Here’s the code for the performance tests.

The precision matrix trick means doing everything in terms of the precision matrix instead of using the covariance matrix. If you look at the code, it makes a lot of sense. I tried rewriting the specialized Newton solver with precision matrices, but here, something slows down the whole process, and I’m not sure why. Also, computing sensitivities with precision matrices turns out to be quite expensive, but in theory, it shouldn’t be.

My guess is these unexpected costs are related to memory management.

I guess these are total time over many repetitions?

I see… you want to move to known ground to have more control on the model and also better posteriors, but most importantly you want the flexibility of stan.

Makes sense.

Is a brute force approach with a parallel reduce an option? On aws you get 96 core machines if thats an option to use (doesn‘t mean 96x speedup, but we can go far with threading).

Yes, I think brute force is definitely part of the solution here. We’ll always be getting to problems where brute force is not enough, but it makes sense to use brute force where we can.

I guess these are total time over many repetitions?

Unfortunately not. These are the times for solving the equation once and computing the corresponding sensitivities. I’m not sure how many times the system is solved per MCMC iteration, but the above implementations are prohibitively slow. They scale badly with the number of latent parameters. With dim(\theta) = 100, your runtime is less than 0.2s.
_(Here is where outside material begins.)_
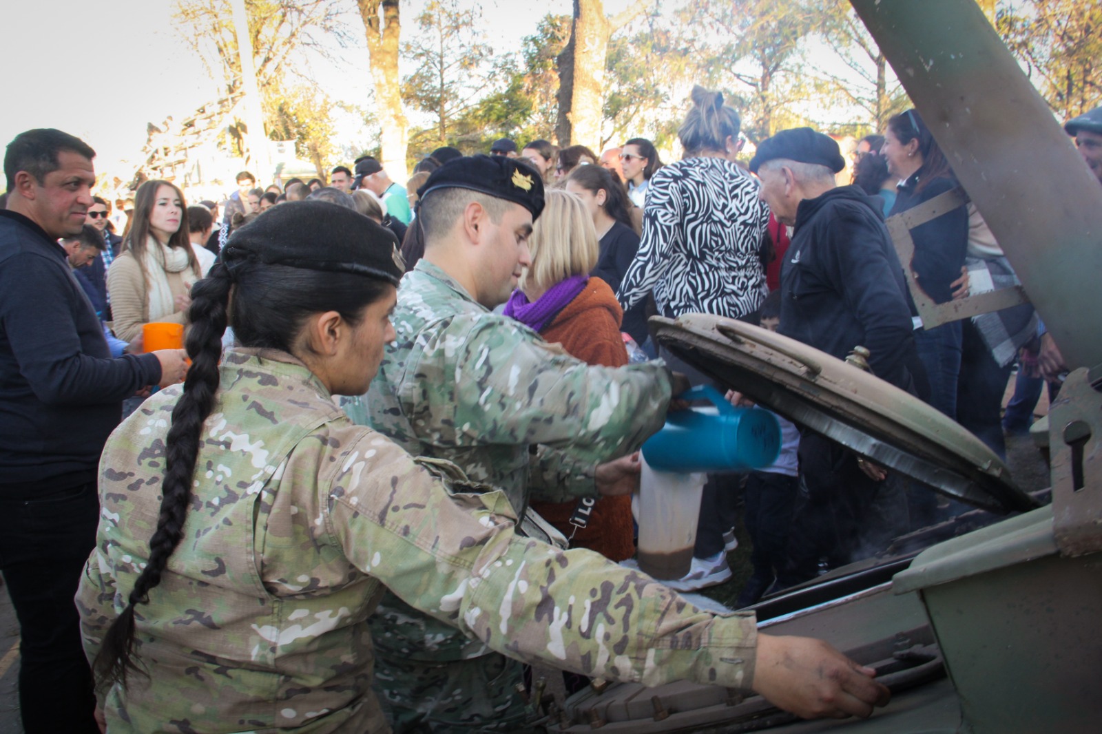 Por la tarde, soldados del Ejército sirvieron leche chocolatada a los presentes

The silver line is that we can shrink these costs. Without going into details, I now have it down to 0.4 second for dim(\theta) = 500 and 0.005 s for dim(\theta) = 100. But before pushing harder on this front, I want to work on other components of the log density.

I have said it before… but you should by all means explore IDAS from sundials. That software has been developed since 2001 by the Lawrence Livermore National Laboratory labs… and they know how to solve this stuff fast. So this is around for 18y now - so it is certainly mature (but maybe clunky to work with in a modern C++ code, ok).

The adjoint method is probably the way to go if I read their intro, see below. In particular it sounds as if you can get the needed gradients per output in independence of the others => you can parallelise that using threads!

Quote from IDAS homepage:

SUNDIALS: SUite of Nonlinear and DIfferential/ALgebraic Equation Solvers
IDAS

IDAS is a package for the solution of differential-algebraic equation (DAE) systems in the form F(t,y,y’,p)=0 with sensitivity analysis capabilities (both forward and adjoint modes).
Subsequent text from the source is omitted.